M3 Elastic strings on inclined planes

Anyone?

To calculate the change in GPE & EPE I'm doing (Final EPE/GPE - Start EPE/GPE) - should it be the other way round?

I think of it as:

Starting energy - work done by system = final energy.

Which rearranges to "Work done = starting energy - final energy".

I note that you have the GPE as positive, although P is below your zero level.

I was going to put GPE as -ve but then I thought that energy is a scalar so it doesn't matter?

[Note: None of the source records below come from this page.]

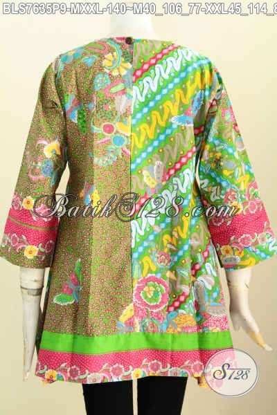 Blus Batik Motif Kombinasi, Pakaian Batik Jawa Etnik, Busana Batik Model Kotak Proses Printing Hanya 100 Ribuan Bisa Tampil Gaya [BLS7635P-M , XXL]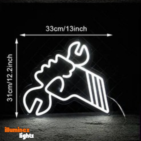 Schlicht, stark und stylisch: Dieses LED-Neon Sign zeigt eine Hand mit einem Schraubenschlüsseln – das ultimative Symbol für Handwerk, DIY-Spirit oder Autowerkstätten.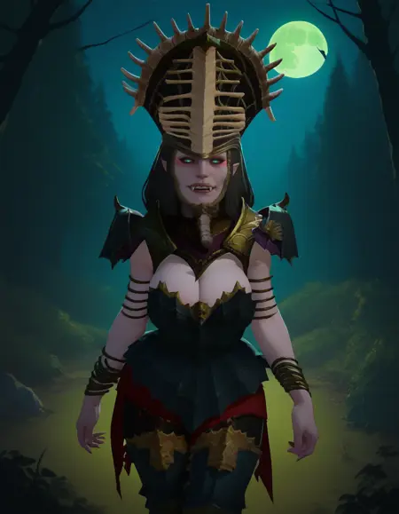 尼菲拉塔端坐于昔日矮人堡垒城市‘银峰’之中的奢华王座之上。自被流放出奈赫卡拉的土地以来,她便一直在策划并编织一张由所有现存吸血鬼血统构成的阴谋与联盟之网,希望将它们统一或奴役于自己的统治之下,以期恢复拉米亚城昔日的辉煌,重建血之神殿,并重新确立自己作为这座城市的永恒女王之位。”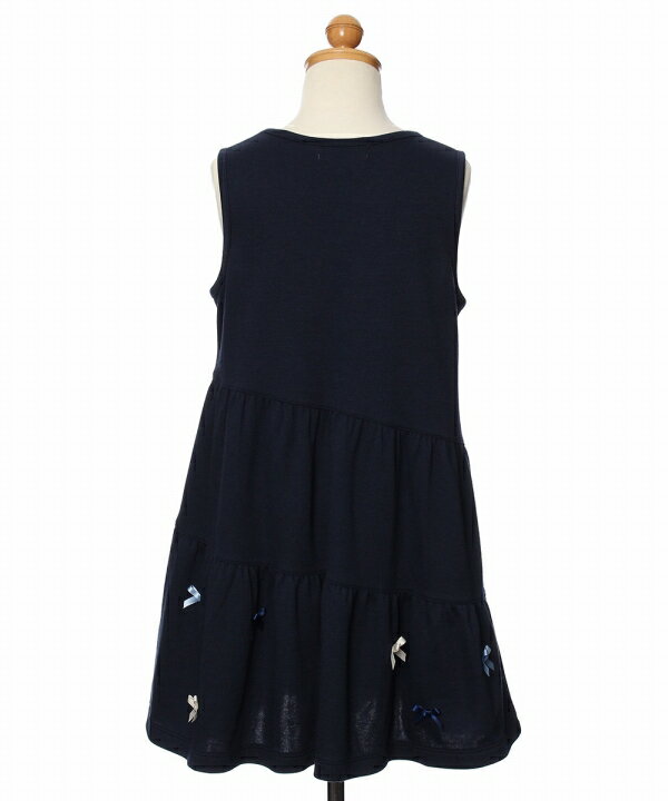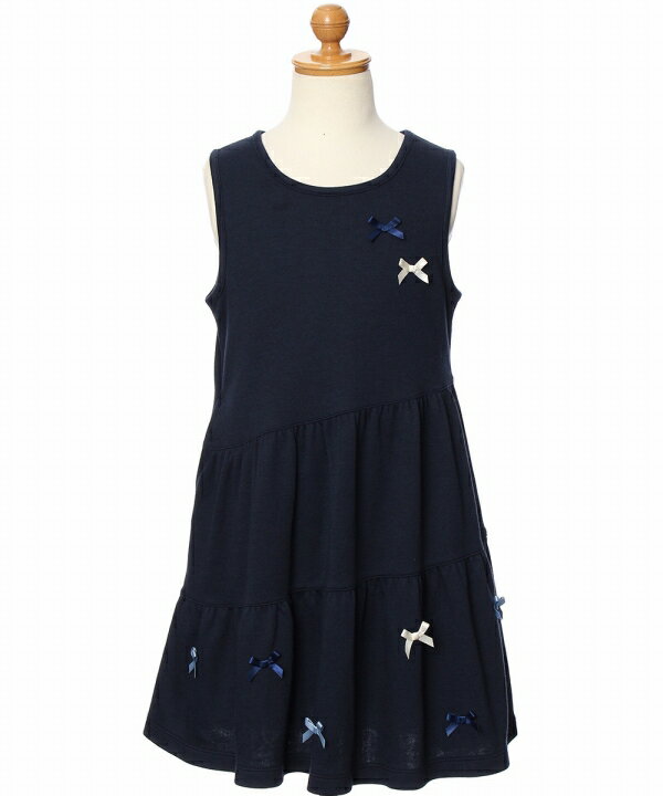 子供服 女の子 ワンピース・ジャンパースカート ノースリーブ フォーマル 入学式 卒園式 発表会 結婚式 普段着 通学着 リボン付き斜めギャザー切り替えAライン ネイビー ブルー 100cm 110cm 120cm 130cm 140cm 150cm 160cm 【むーのんのん MOONONNON】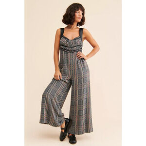 New Free People L'amour Printed Romper Black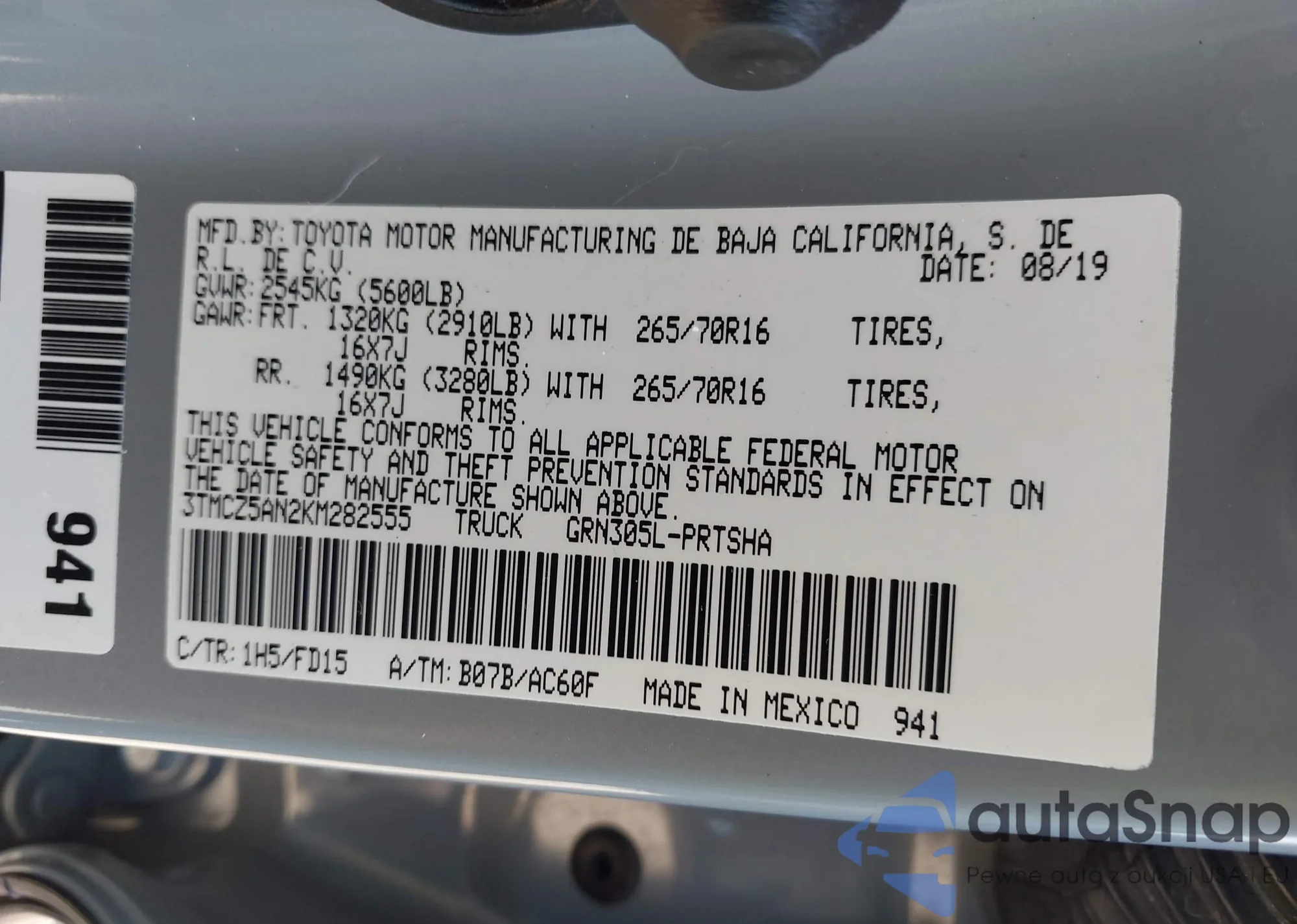 LOT: 43513210 VIN: W08AT671585047593

I was going to put GPE as -ve but then I thought that energy is a scalar so it doesn't matter?

It matters.

In the case of GPE, it arises from work done against a force, in this case gravity. As the amount of work done increases - i.e. you raise the object higher - so its energy increases.

Ah - That gives me the +ve answer. Thanks.

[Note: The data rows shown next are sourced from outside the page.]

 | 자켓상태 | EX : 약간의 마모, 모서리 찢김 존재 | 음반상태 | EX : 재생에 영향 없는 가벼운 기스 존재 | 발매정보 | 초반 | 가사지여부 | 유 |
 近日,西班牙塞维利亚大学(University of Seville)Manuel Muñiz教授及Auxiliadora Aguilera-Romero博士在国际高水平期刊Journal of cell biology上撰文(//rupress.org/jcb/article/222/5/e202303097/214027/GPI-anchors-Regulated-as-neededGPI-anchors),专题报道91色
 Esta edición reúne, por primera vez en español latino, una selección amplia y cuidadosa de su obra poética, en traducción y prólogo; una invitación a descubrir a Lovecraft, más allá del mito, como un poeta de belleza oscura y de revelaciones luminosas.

Can you see any error in the second part? The way I've interpreted the question, is that the system is still released at AP=0.6, but I need to work out the speed after P has moved to AP=0.8?

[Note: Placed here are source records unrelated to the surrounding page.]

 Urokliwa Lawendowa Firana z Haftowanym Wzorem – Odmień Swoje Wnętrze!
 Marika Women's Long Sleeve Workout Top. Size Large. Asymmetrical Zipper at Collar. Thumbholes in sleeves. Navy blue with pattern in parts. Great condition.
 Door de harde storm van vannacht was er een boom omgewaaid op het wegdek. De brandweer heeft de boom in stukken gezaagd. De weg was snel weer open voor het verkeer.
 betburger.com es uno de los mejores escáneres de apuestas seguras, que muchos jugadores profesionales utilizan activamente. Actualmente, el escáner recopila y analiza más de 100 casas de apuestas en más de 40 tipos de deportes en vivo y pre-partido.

Also, I have a similar problem with the second part:

$AP=0.8,[br]EPE = \dfrac{20 \times 0.2^2}{1.2}, GPE = 2g(0.8)\sin(45), KE = \dfrac{1}{2}(2)v^2= v^2$

Work done,W, against friction in moving from AP=0.6 to 0.8:

$W = \dfrac{\sqrt{2}}{25}g$

After rearranging I get v=1.63ms^-1 when the correct answer is 1.25.

For the GPE, the distance moved down the plane is 0.2, not 0.8

But A is 0 GPE, and P is below A, so when P has moved down the plane by 0.2, isn't it then 0.8m from A?

True; my mistake. I was assuming that you had the change in GPE there, since you'd only posted one, rather than the initial and final GPEs.

Again, this would be negative relative to A.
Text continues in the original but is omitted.